Member of the Missouri House of Representatives from the 26th district
- In office January 9, 2019 – January 8, 2025
- Preceded by: Gail McCann Beatty
- Succeeded by: Tiffany Price

Personal details
- Born: April 28, 1986 (age 39)
- Party: Democratic

= Ashley Bland Manlove =

American politician (born 1986)

Ashley Jade Bland Manlove (born April 28, 1986) is a Democratic former member of the Missouri General Assembly, having represented the state's 26th house district from 2019 to 2025.

==Career==
Manlove won the Democratic primary election on August 7, 2018, garnering 77% of the vote in a field of three candidates.
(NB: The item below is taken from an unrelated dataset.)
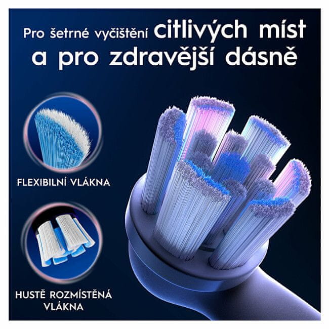 Glave ščetk Oral-B iO Gentle Care so bile zasnovane za nežno, vendar maksimalno učinkovito ustno nego. Združujejo do 4.000 izjemno tankih ščetin s prilagodljivim zunanjim obročem, ki se popolnoma prilagaja obliki vaših zob in hkrati ščiti dlesni. Edinstvena okrogla glava, ki jo je navdihnilo orodje profesionalnih zobozdravnikov, zagotavlja profesionalno vsakodnevno čiščenje, tudi za tiste z občutljivimi zobmi ali nagnjene h krvavitvi dlesni. Združljiva izključno z zobnimi ščetkami Oral-B iO.

She was elected unopposed on November 6, 2018.

==Electoral history==

Missouri House of Representatives Primary Election, August 7, 2018, District 26
| Party |  | Candidate | Votes | % | ±% |
|  | Democratic | Ashley Bland Manlove | 4,685 | 76.48% |
|  | Democratic | Edward Bell | 1,006 | 16.42% |
|  | Democratic | Dylan Burd | 435 | 7.10% |
| Total votes |  |  | 6,126 | 100.00% |

Missouri House of Representatives Election, November 6, 2018, District 26
| Party |  | Candidate | Votes | % | ±% |
|  | Democratic | Ashley Bland Manlove | 12,823 | 100.00% |
| Total votes |  |  | 12,823 | 100.00% |

Missouri House of Representatives Primary Election, August 4, 2020, District 26
| Party |  | Candidate | Votes | % | ±% |
|  | Democratic | Ashley Bland Manlove | 5,158 | 81.82% | +5.34 |
|  | Democratic | Jamie T. Braden | 1,146 | 18.18% | n/a |
| Total votes |  |  | 6,304 | 100.00% |

Missouri House of Representatives Election, November 3, 2020, District 26
| Party |  | Candidate | Votes | % | ±% |
|  | Democratic | Ashley Bland Manlove | 15,201 | 100.00% | 0.00 |
| Total votes |  |  | 15,201 | 100.00% |

Missouri House of Representatives Election, November 8, 2022, District 26
| Party |  | Candidate | Votes | % | ±% |
|  | Democratic | Ashley Bland Manlove | 8,057 | 100.00% | 0.00 |
| Total votes |  |  | 8,057 | 100.00% |

==Personal==
Bland Manlove is a lesbian.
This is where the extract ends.